The view above was captured from the Hoffman Hall parking lot looking toward the former girls dorm.
I was struck by how much I liked the design of Hoffman Hall, something I failed to appreciate as a teenager. Built in 1962 while the campus was still owned by the Catholics and known as Campion Jesuit High School, it is a great example of 1960s Modernist architecture. I have no doubt it was expensive to design and build.

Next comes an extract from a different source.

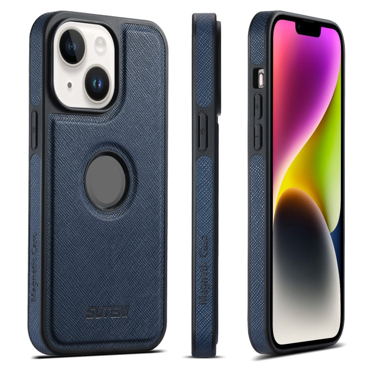 For iPhone 14 Plus Suteni G1 Cross Texture MagSafe Phone Case(Blue)
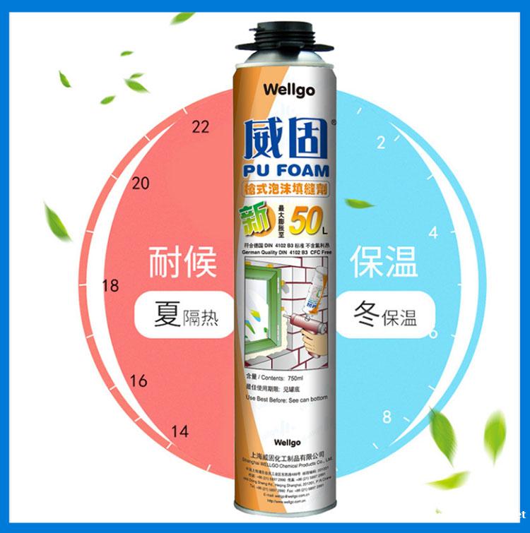威固单组分聚氨酯泡沫填缝剂,特别适用于门窗缝隙的填充,其特点是填充长度可达30延长米(宽3cm 深6cm的标准缝隙)。如果在50%相对湿度,25℃相对温度的条件下延长效果更佳,泡沫在喷出后可立即膨胀,快速固化,有效提高了施工效率的同时,还具备很好的弹性及粘接性,充分保证了填充缝隙的坚固及防水密封。高弹性优势,产品富有很高的回弹性能,减少对基材移位、变形而造成不必要的损失。

The beauty of Hoffman Hall stands in stark contrast to the music center on the other side of the prison fence. This building, designed and constructed with budget constraints never experienced while under Catholic control, is the only major structure built after the Lutherans purchased the campus. While functional—Professor Jaster gave me a tour of it in 1990—its featureless cinder block exterior made it look like it belonged on a prison campus even before it became part of a prison campus a few years later. If I’m remembering what Jaster told me correctly, the contractor who built the structure considered it so plain and utilitarian that he upgraded the front façade at his own expense.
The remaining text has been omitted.